An audit to assess the EU’s use of new imaging technologies to monitor the Common Agricultural Policy (CAP) is being conducted by the European Court of Auditors.

In particular, the auditors will examine the support provided by the European Commission, as well as practices in the member states.

They will also consider the challenges hindering more rapid and extensive deployment of these new technologies.

Each year, member states carry out around 900,000 on-the-spot checks on EU agricultural aid. These, however, cover only about 5% of the aid applicants.

As an alternative, new imaging technologies can provide more comprehensive evidence of farmers’ actual agricultural activities and their compliance with the CAP, according to the court of auditors.

The auditors have published an audit preview on new imaging technologies for agricultural monitoring. Audit previews provide information on an ongoing audit task.

They are designed as a source of information for those interested in the policy or programmes being audited.

The use of new technologies for monitoring should also increase the effectiveness of future CAP environmental and climate measures, the court says.

They also have the potential to reduce the costs of controls in member states, while checking more beneficiaries.
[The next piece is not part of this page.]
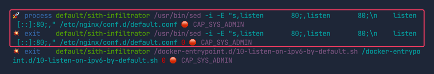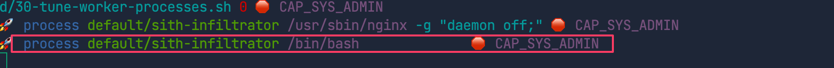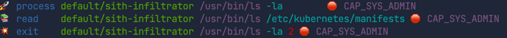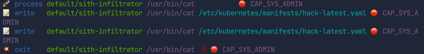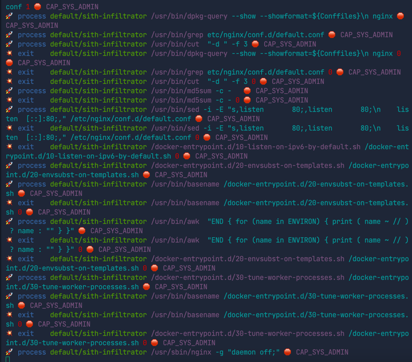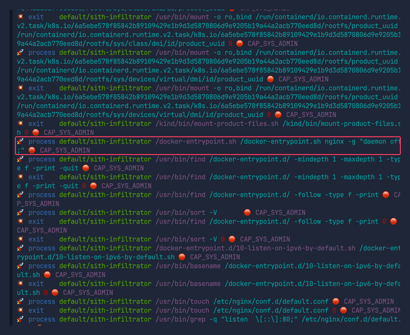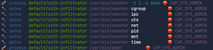 로 설정되었기 때문에, 해당 파드는 모든 리눅스 기능(capabilities)을 얻게 되었다. 예를 들어, 각 보안 관측가능성 이벤트의 끝에 CAP_SYS_ADMIN

For around two years, the EU’s Copernicus Sentinel satellite programme has been providing freely available high-resolution images. Its data can facilitate checks on – for instance – the agricultural activity taking place on parcels, crop classification, or certain ecological focus areas.

Other projects, involving geo-tagged photography, drones and land monitoring solutions, are also being promoted by the commission and the member states.

They all offer opportunities to monitor the CAP in a more comprehensive, cost-efficient and effective way, according to the auditors.

The audit will assess whether the European Commission and the member states have taken steps to unlock the potential of new imaging technologies for CAP monitoring.

In particular, the auditors will examine whether:
  • The commission has encouraged widespread use of those technologies; and
  • Member states have taken action to deploy those technologies.

The audit will include information visits to four member states that have started using satellite imagery for CAP monitoring, namely: Belgium; Denmark; Italy; and Spain.

A report on the audit is expected to be published at the beginning of 2020, according to the court.